=== PROMPT ===
Lines of the listing below that contain the string "Budi" are to be returned.

=== DATASET ===
------

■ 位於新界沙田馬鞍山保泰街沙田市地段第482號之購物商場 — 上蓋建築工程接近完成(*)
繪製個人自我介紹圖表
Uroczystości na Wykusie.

------

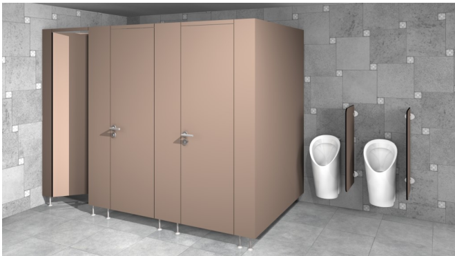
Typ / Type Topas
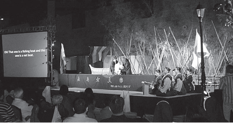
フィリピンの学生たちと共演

------

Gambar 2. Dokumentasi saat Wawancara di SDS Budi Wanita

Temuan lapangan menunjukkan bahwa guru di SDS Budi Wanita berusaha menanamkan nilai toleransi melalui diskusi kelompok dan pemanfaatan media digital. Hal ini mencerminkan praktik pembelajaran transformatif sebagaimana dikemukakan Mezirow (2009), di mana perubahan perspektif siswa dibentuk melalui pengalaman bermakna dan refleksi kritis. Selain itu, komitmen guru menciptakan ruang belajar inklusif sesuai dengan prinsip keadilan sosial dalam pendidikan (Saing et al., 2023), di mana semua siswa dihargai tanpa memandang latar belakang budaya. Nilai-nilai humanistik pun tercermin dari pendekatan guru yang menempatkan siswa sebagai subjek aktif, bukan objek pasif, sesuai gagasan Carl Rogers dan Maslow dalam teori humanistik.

------

=== EXERCISE RESULT ===
Gambar 2. Dokumentasi saat Wawancara di SDS Budi Wanita
Temuan lapangan menunjukkan bahwa guru di SDS Budi Wanita berusaha menanamkan nilai toleransi melalui diskusi kelompok dan pemanfaatan media digital. Hal ini mencerminkan praktik pembelajaran transformatif sebagaimana dikemukakan Mezirow (2009), di mana perubahan perspektif siswa dibentuk melalui pengalaman bermakna dan refleksi kritis. Selain itu, komitmen guru menciptakan ruang belajar inklusif sesuai dengan prinsip keadilan sosial dalam pendidikan (Saing et al., 2023), di mana semua siswa dihargai tanpa memandang latar belakang budaya. Nilai-nilai humanistik pun tercermin dari pendekatan guru yang menempatkan siswa sebagai subjek aktif, bukan objek pasif, sesuai gagasan Carl Rogers dan Maslow dalam teori humanistik.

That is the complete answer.